The remarks, the most dovish from a sitting Fed chair since 2024, triggered an immediate repricing in front-end rates futures, with markets now assigning a 78% probability to a 25-basis-point cut at the September FOMC. The two-year Treasury yield fell 14 basis points to 3.62%, its sharpest single-day drop since November.
Where the buy side is positioned
Multi-strategy hedge funds have been progressively unwinding short-duration exposure since April's softer CPI print.

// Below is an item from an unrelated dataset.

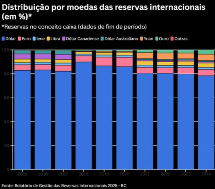O dólar segue como o principal ativo das reservas brasileiras, mas sua representatividade diminuiu nos últimos anos: passou de 86,77% em 2019 para 78,45% em 2024.
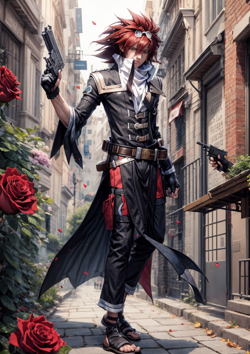 (masterpiece:1.2), best quality, masterpiece, highres, original, extremely detailed wallpaper, perfect lighting,(extremely detailed CG:1.2), drawing, paintbrush, solo, 1boy, male focus, flower, gun, rose, handgun, gloves, fingerless gloves, red rose, heterochromia, sandals, belt, holster, ragna the bloodedge, pants, spiked hair, <lora:add_detail:0.75> , <lora:lihui4JXK-b2-bf16-128-128-1-re1-ep3-768-DA-5015fix:1>

Citadel, Millennium and Point72 are all reported to have moved from short to neutral duration over the past six weeks, according to prime broker positioning data reviewed by Buysiders.
On the long-only side, BlackRock's flagship core bond fund extended duration by 0.6 years in April, its largest single-month duration add since 2020.
What changes next
- Front-end credit spreads are likely to compress further as carry trades re-engage.
- EM hard-currency debt funds are reporting their strongest inflows of the year.
- Private credit GPs are watching the timeline closely: a faster cutting path compresses the spread their funds capture over public credit.
"This is the cleanest setup for fixed income we've seen since 2019," said Bob Michele, CIO of Global Fixed Income at JPMorgan Asset Management, on a call with clients Tuesday afternoon.
"The market has been begging for this confirmation. Powell delivered it."
The September FOMC is now the most-watched meeting since Jackson Hole 2022. Sell-side strategists at Goldman, Morgan Stanley and Citi all revised their year-end forecasts within four hours of the testimony, now expecting between 50 and 75 basis points of cumulative cuts by year-end.